Dean found that he was barely breathing. He was lightheaded and tried to draw in a ragged, shallow breath.

"Adam - or, I mean Michael, I guess - kinda…dove for me. But he didn't get me. He got-"

"Lucifer," Dean whispered.

Sam nodded. "He kinda…I don't know…tore him out of me. I felt him tear free."

"Damn, Sammy," Dean shook his head, looking down. "That…had to hurt like hell."

"It did. It felt like every muscle in my body was pulled at once. But…," Sam moved around to the left side of Dean's bed, forcing Dean to turn his head to fully see him. "Dean, he's gone."

"Where?"

Sam lifted a shoulder. "The Cage? All I know is a big-ass hole opened in the ground under those damn rings and Michael dragged his brother down there."

"With Adam."

Sam shook his head. "Adam…," he sighed.

Dean swallowed. Cas had said Adam was an inferior vessel. They'd truly all been damned from the start.
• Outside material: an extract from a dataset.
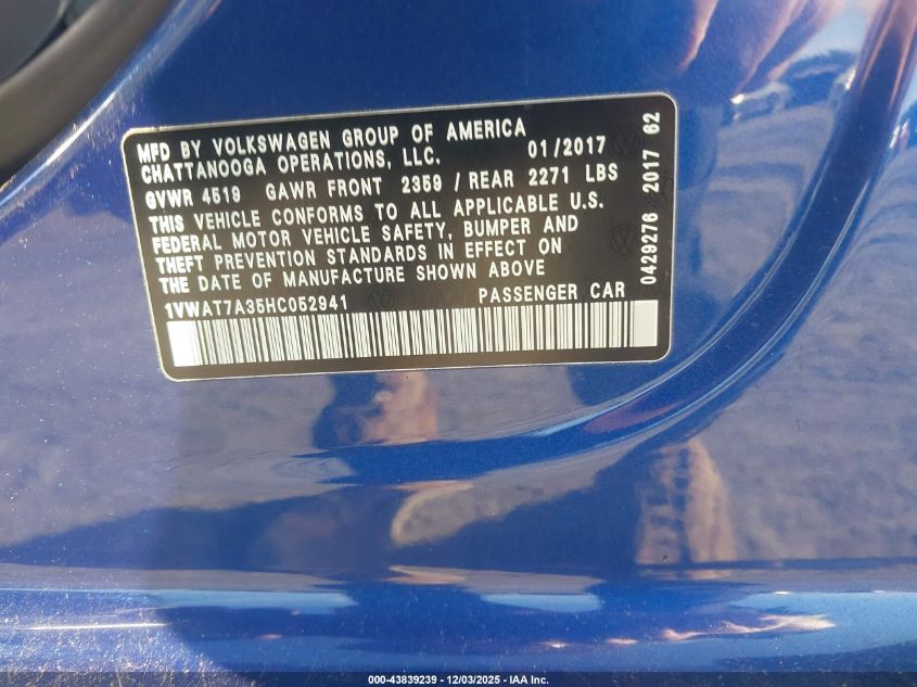 2017 VOLKSWAGEN PASSAT 2017 року Бензин, 1.8, Передній привід, vin - 1VWAT7A35HT052941 з США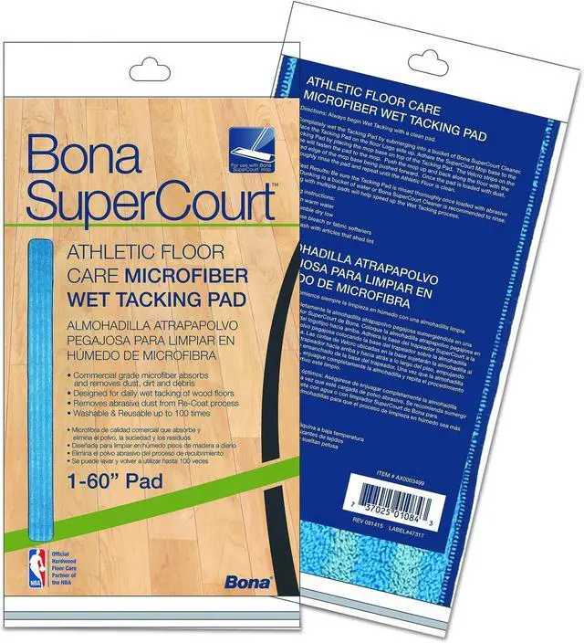 Bona AX0003499 Supercourt Athletic Floor Care Microfiber Wet Tacking Pad, 60 Inch , Light/Dark Blue

"Dean," Sam said softly, leaning forward, blocking out the light from the window behind him. "What did you do, man? How did…with the light, and…," he held up his bandaged hand helplessly.

Dean closed his eyes. It was getting hard to see Sam from that angle. He leaned his head back. "The amulet."

"Wait, what?"

"Move over here," he grumbled, nodding to his right side. "Can't see you."

"Oh," Sam sounded surprised. Dean felt him move around the end of the bed. "I'm sorry, Dean."

"Stop, Sam." He opened his eyes. That was better. "You didn't do this."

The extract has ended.